What you have to do: Begin at the line below that holds "Which is true" and end at the line that holds "中型SUV | 2016年 | |", transcribing each line exactly and skipping any picture.

*** Given information

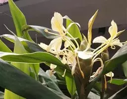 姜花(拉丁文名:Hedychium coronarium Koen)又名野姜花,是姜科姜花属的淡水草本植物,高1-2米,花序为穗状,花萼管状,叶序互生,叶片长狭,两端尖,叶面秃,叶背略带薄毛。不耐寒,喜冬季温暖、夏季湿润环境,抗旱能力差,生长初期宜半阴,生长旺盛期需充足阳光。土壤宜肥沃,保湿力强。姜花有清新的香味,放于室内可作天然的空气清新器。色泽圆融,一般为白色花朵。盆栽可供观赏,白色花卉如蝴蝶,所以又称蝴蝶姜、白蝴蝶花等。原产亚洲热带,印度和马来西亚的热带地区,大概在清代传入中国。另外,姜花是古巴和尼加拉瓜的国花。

******
*** Given information

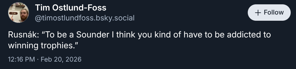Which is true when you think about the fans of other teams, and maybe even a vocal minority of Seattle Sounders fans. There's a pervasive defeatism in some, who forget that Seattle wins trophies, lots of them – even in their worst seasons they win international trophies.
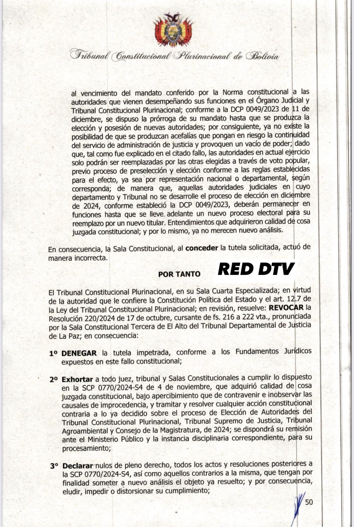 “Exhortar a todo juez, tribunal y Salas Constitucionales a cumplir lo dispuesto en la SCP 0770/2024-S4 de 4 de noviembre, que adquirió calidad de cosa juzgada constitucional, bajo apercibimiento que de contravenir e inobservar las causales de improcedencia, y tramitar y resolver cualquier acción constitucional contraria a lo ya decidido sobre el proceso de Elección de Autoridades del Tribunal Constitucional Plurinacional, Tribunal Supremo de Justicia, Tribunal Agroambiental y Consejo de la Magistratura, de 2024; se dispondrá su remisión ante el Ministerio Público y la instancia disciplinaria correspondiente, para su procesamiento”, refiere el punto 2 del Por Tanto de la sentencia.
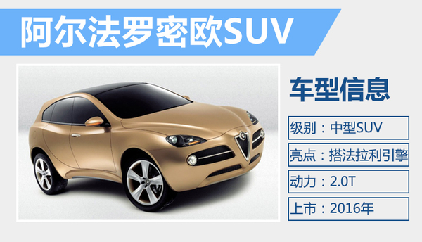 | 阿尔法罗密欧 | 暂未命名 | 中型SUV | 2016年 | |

******
*** Given information

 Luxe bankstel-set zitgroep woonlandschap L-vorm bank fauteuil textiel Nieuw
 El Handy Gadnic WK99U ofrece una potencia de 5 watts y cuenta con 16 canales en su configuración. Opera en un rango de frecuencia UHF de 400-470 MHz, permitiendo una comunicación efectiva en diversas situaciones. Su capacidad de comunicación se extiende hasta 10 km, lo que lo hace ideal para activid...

******

Solution for this problem:
Which is true when you think about the fans of other teams, and maybe even a vocal minority of Seattle Sounders fans. There's a pervasive defeatism in some, who forget that Seattle wins trophies, lots of them – even in their worst seasons they win international trophies.
 “Exhortar a todo juez, tribunal y Salas Constitucionales a cumplir lo dispuesto en la SCP 0770/2024-S4 de 4 de noviembre, que adquirió calidad de cosa juzgada constitucional, bajo apercibimiento que de contravenir e inobservar las causales de improcedencia, y tramitar y resolver cualquier acción constitucional contraria a lo ya decidido sobre el proceso de Elección de Autoridades del Tribunal Constitucional Plurinacional, Tribunal Supremo de Justicia, Tribunal Agroambiental y Consejo de la Magistratura, de 2024; se dispondrá su remisión ante el Ministerio Público y la instancia disciplinaria correspondiente, para su procesamiento”, refiere el punto 2 del Por Tanto de la sentencia.
 | 阿尔法罗密欧 | 暂未命名 | 中型SUV | 2016年 | |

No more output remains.